What you can learn from E.T.

What you can learn from an epic scene in an epic movie.

Can it really be 36 years?

It doesn’t seem possible but the epic sci-fi movie about friendship that is E.T. The Extra-Terrestrial is 36 years old this year.

36!! Time needs to slow right down!

The movie came to my attention again the other day when I came across it on Amazon Prime during my train commute to work and it still holds a special place in my heart for a multitude of reasons.

Its central theme of loneliness and friendship resonated with the 1982 teenage me. It’s masterful storytelling and filmmaking artistry inspired me and set me on a creative path that in no small way led to this blog and the icing on the cake was a model train in its pivotal scene.

Yep, you may have missed it but as with most of his movies (Spielberg is a train fan) it’s there.

He even chooses what is undoubtedly one of the most emotional and scariest moments of the movie to slip it in.

When I first watched E.T. this scene really shook me up and I still think it’s one of the best and most intense scenes of any movie.

It’s got it all in a 2 minute roller-coaster of emotions: happiness turning to fear when mum sees ET for the first time; the heartstrings being pulled as Elliot is pulled away from his sick and dying friend; the terror and shock of faceless invader in the doorway, and the fear at finding all exits blocked as the intruders break their way in.  All set to a gradually imposing musical tempo and Darth Vader-esque heavy breathing perfectly topped off by the pressing warning whistle of the model train as mum screams “this is my home”.

Fantastic!

Whoever on the production crew set up the layout also knew about model railways.

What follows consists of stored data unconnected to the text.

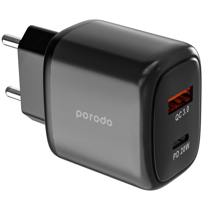 شاحن سريع مزدوج الإخراج من Porodo EU USB-C PD وUSB-A QC - أسود
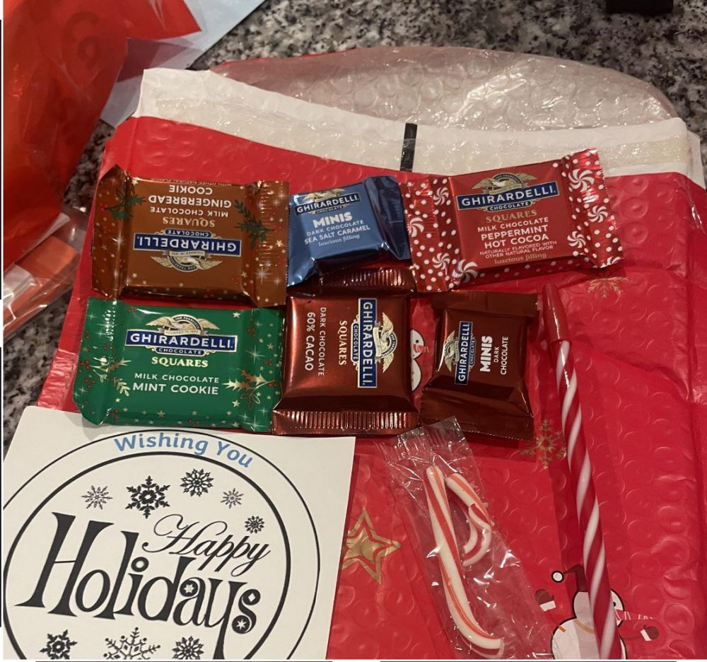 - Satu saset minuman kemasan sama permen Natal plus kartu ucapan, hadiah liburan yang sangat berkesan!
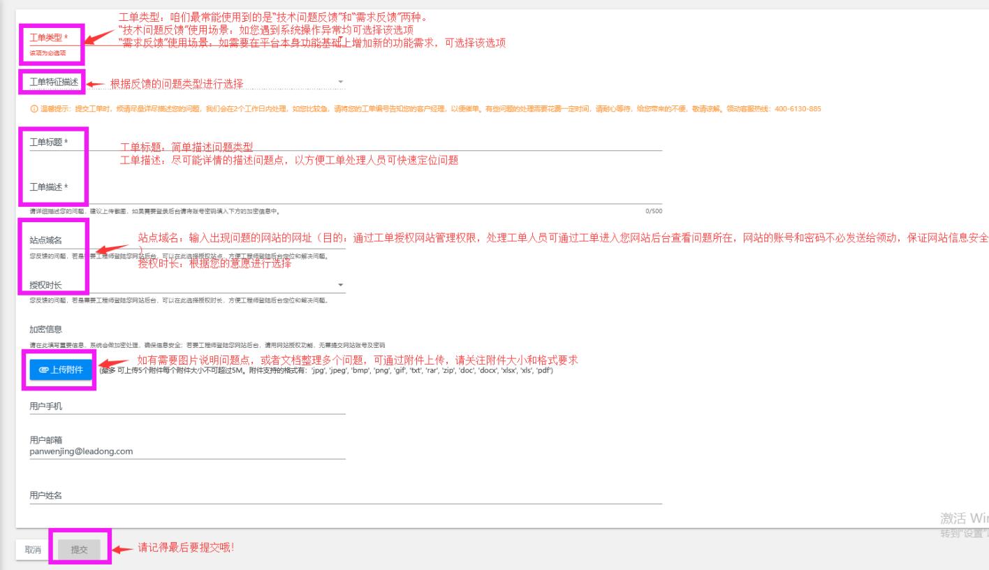 4.工单描述:尽可能详细的描述问题点,以便处理人员可快速定位问题。
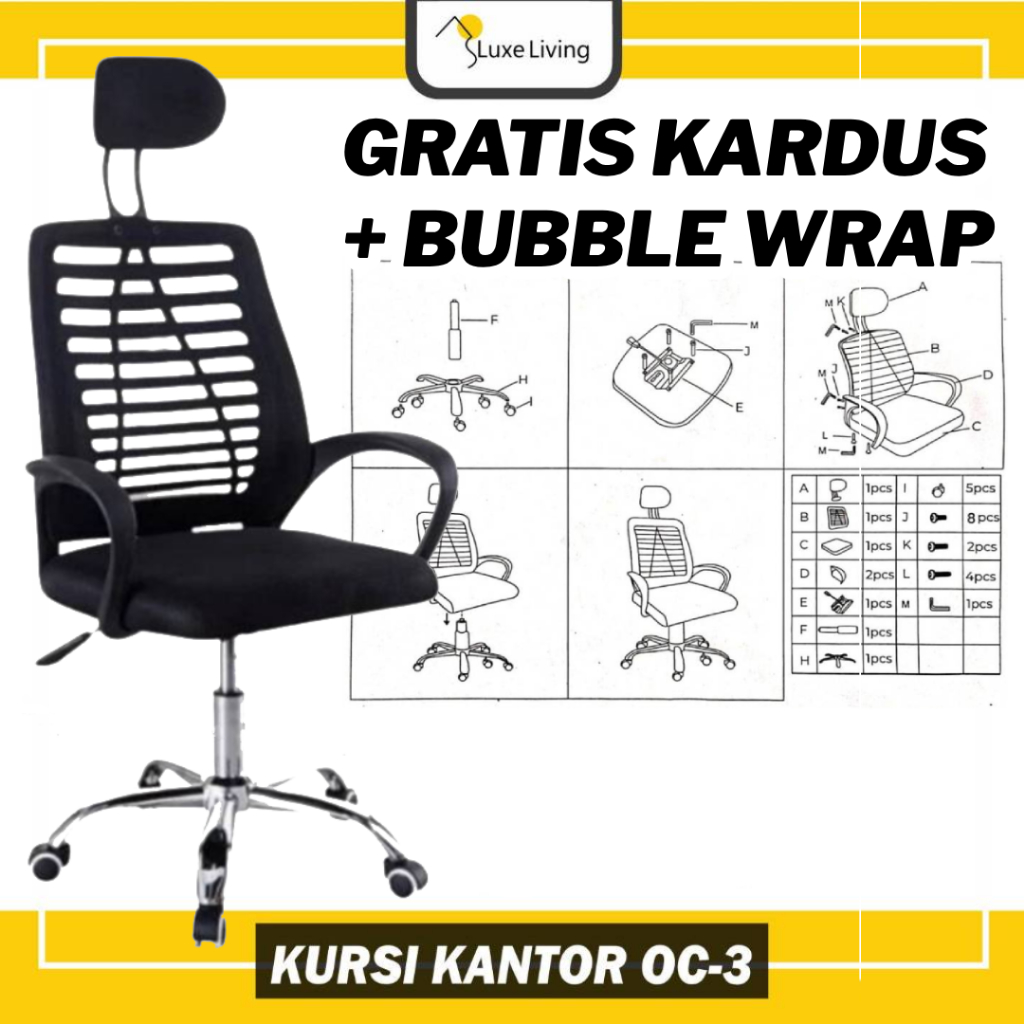 LLI Kursi Kantor Kursi Kerja Kursi Belajar Ergonomis Putar Hidrolik Kursi Boss Staff Jaring Murah

Check out the plastic pine tree (it’s in the far right-hand corner of the table) that doesn’t stand up straight. We’ve all had one like that!

So what can you learn from this?

The take away is not to build your model railways in a living space or room.

It sounds obvious but I’ve seen and heard of so many people who do this. Myself included in my younger years. It may be tempting and easier but please don’t do it.

Putting them on dining room tables and floors is just asking for trouble. Okay, maybe not a visit from NASA and the FBI but your trains simply won’t get on with the mess and dirt that usually occupies such spaces. If you’ve ever spilt tea over a brand new Hornby train you’ll understand!

Instead, “be gooood” and create a dedicated space for them. You and they will be much happier.